Spectacular venues have long been integral to New York Fashion Week, from the iconic tents at Bryant Park to insider access at secret spots each season. Over the years, Skylight itself has become synonymous with locations throughout the week. “Our mission is to activate or revitalize historic spaces with energy through programming, events, culture and arts,” Skylight’s CEO, Stephanie Blake, tells COOL HUNTING. “Programming brings dynamism to static spaces. It enables a venue to move into the future. We work with landlords to identify a canvas where fashion brands can celebrate. These brands care most about physicality. They want to know, ‘how do you create an unforgettable experience?’ They look to Skylight for this.”
Skylight led New York Fashion Week’s move from Lincoln Center to Moynihan Train Hall, before it was revitalized.

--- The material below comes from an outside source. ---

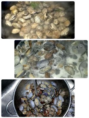 买来的新鲜花蛤浸泡于清水中,水中倒入适量的盐,让花蛤将泥沙吐出,如果花蛤不太脏,两三个小时就可以。

They were also staging events on the west side long before the High Line or Hudson Yards became attractions. “Back in the day, we had the Skylight Soho warehouse at Dominic and Spring,” Blake says. “We brought Steven Meisel to shoot Madonna for his Louis Vuitton campaign there. It became his private studio. We got Ralph Lauren to come down from the Upper East Side, to go to this little known space so far west when people were still asking ‘who would go over there?'” Skylight moved to Clarkson Square. Years later, Google followed.
“Fashion sets the tone,” Blake says. “Hermès being here, in Skylight at The Refinery, it makes a statement to all other industries. Fashion has an air of inaccessibility, and people want access. When fashion brands come to Skylight, they know we are offering inaccessible spaces. ” Skylight at The Refinery is the perfect example. Although The Refinery opens this 27 September, the Skylight penthouse space won’t until September 2024.
Skylight had been interested in the building for some time. Blake understood that as the west side developed, fashion would likely shift east—and to Brooklyn. “We always want to stay ahead of the curve,” she says. “Meeting with Jed [Walentas, principal at Two Trees], we understood he was a visionary and saw these neighborhoods before others. For Skylight, we want to be first to identify a location with bones and history—because our brands want to be the 21st century patrons of the arts, of community and culture.”
Hermès made for a fitting launch partner. Much like The Refinery itself, the maison weaves together an illustrious heritage with a quest for innovation. “I can’t imagine a better global brand than Hermès,” Walentas adds. “It’s their mixture of authenticity and old world history, while at the same time being so pioneering in their spirit and what they do, it all speaks to what we are trying to do here.”
Aside from the uninterrupted views of Manhattan, The Refinery’s other great success comes from its visual connection to Williamsburg. “You’re not just up in the air,” Walentas points out. “There’s an integration of the building into the park and the surrounding neighborhood. I like to think we do as good a job as anybody at creating real New York neighborhoods. We try to be intentional about that.” For a fashion week debut, partnering with Hermès and Skylight is as intentional as it comes.